Ispán of Esztergom
- Reign: 1244
- Predecessor: Subanus (?)
- Successor: Cosmas (?)
- Died: after 1266
- Noble family: gens Báncsa
- Spouse: N Kórógyi
- Issue: Stephen II Cletus
- Father: Orbász I

= Vincent Báncsa =

Vincent from the kindred Báncsa (Báncsa nembeli Vince; died after 1266) was a Hungarian nobleman, who served as ispán of Esztergom County around 1244.

==Life==
Vincent (also Bencenc; Bencentius) was born into the gens (clan) Báncsa, an original settler family from Bács County (today Bač, Serbia). His father was Orbász I, ispán of Komárom County in 1216. Vincent had at least two siblings: Stephen I, an influential prelate in the mid-13th century, who became the first Hungarian cardinal in history, and the kindred reached its peak under his guidance; Peter, ancestor of the Horváti family; and a possible another brother (Denis?) or sister, parent of Cardinal Báncsa's other mentioned cousins.

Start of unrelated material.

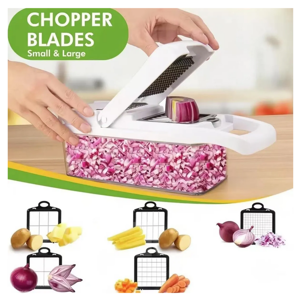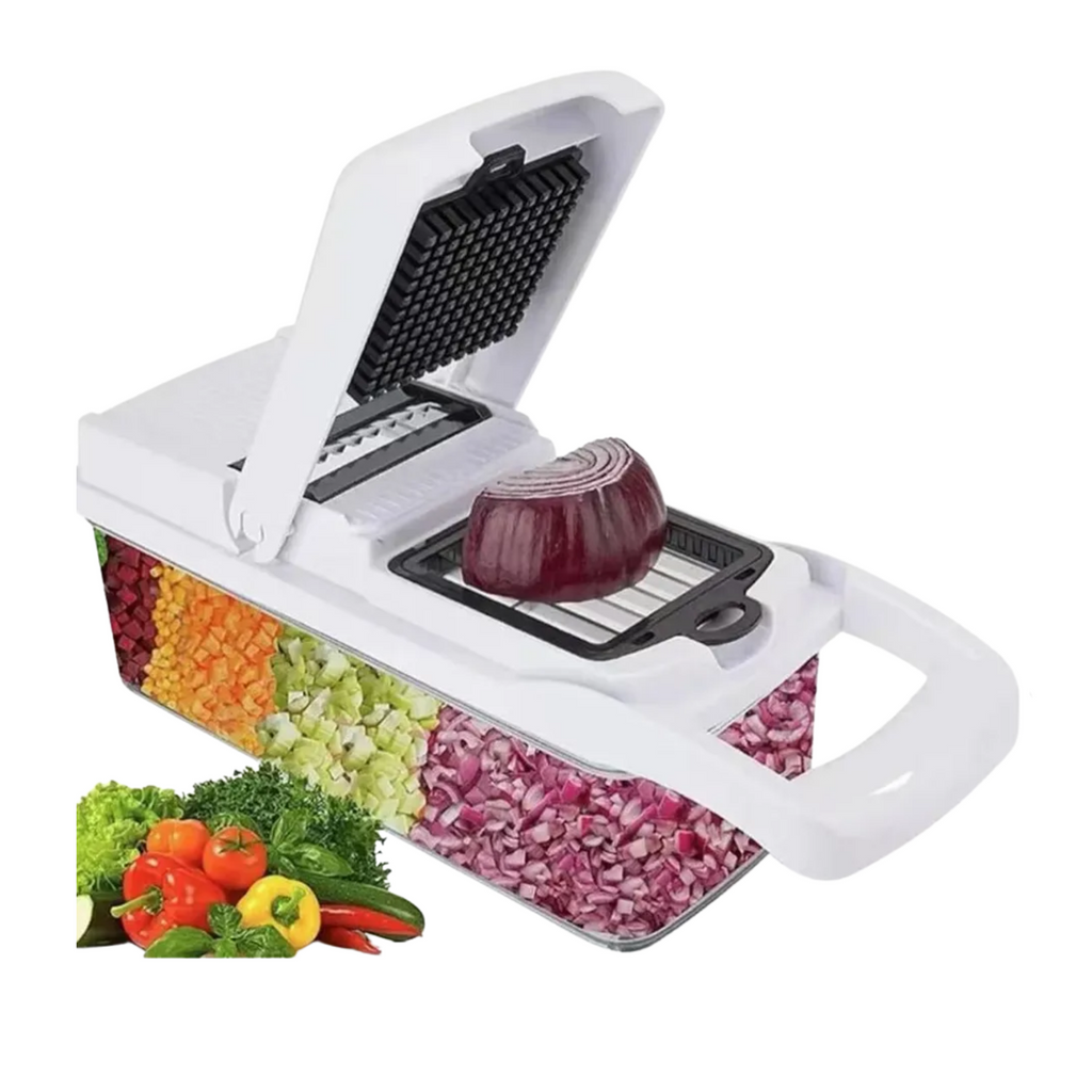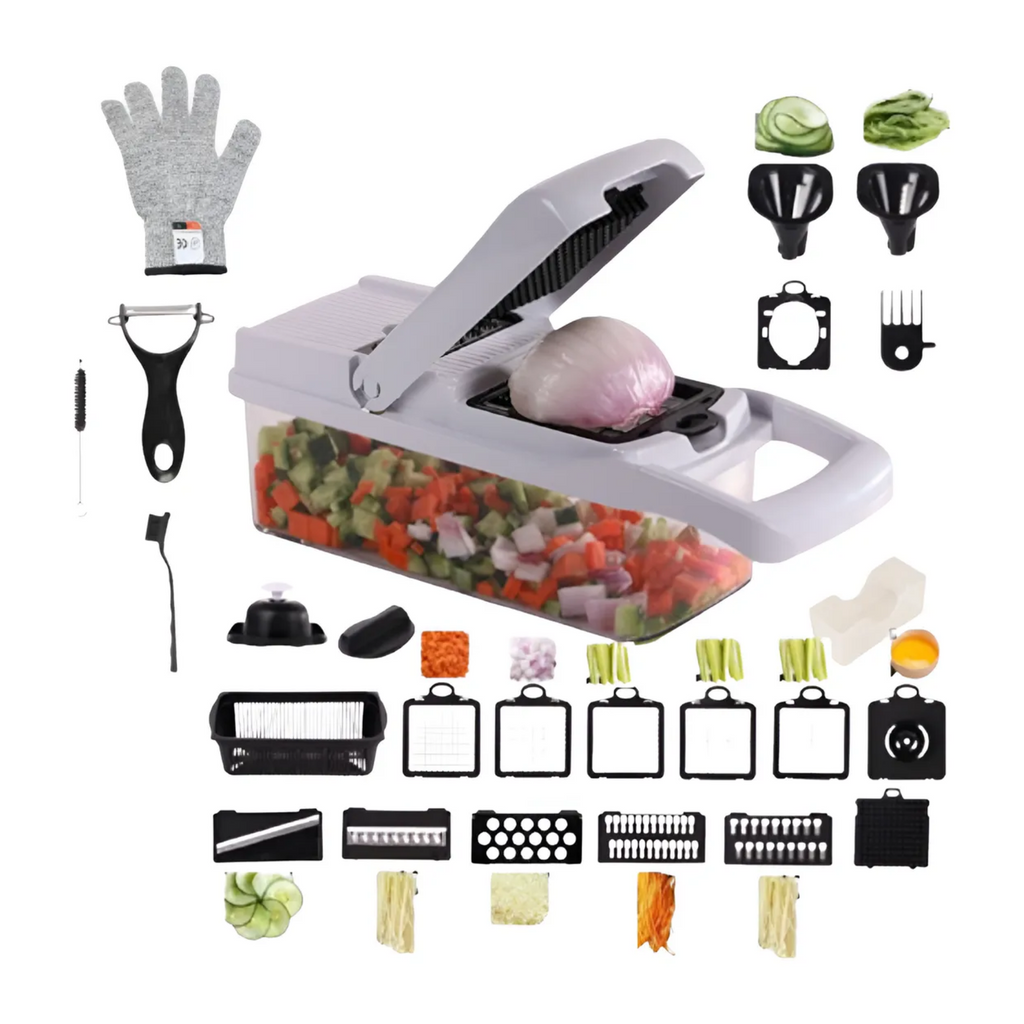 Optimiza tu cocina con este Picador Cortador de Verduras Multifuncional 26 en 1, ideal para cortar, rallar, rebanar y espiralizar frutas y verduras con facilidad. Fabricado con acero inoxidable resistente al óxido y materiales de grado alimenticio, ofrece cortes precisos y limpios, convirtiéndolo en un utensilio esencial para preparar ensaladas y platillos saludables de manera rápida y segura. Incluye guantes resistentes a cortes y un protector de mano para proteger tus dedos mientras cocinas.

The name of Vincent first appeared in contemporary sources in October 1243, when the cathedral chapter of Pécs issued a document about a land contract of Orljavac (Orywa) in Požega County. It confirmed by a royal charter on 21 March 1244. In the latter document, Vincent was already mentioned as ispán of Esztergom County (he held the dignity at the same time, when his elder brother Stephen served as Archbishop of Esztergom). In 1253, Vincent and his brother Peter together participated in the determination of borders of the land Apáti, which belonged to the Garamszentbenedek Abbey. Vincent and Peter built the Saskő Castle (today Šášovský hrad in Slovakia) along the river Garam (Hron) for the reason to become a taxing place and to protect the local highway from the outlaws. Vincent was last mentioned by contemporary sources in 1266.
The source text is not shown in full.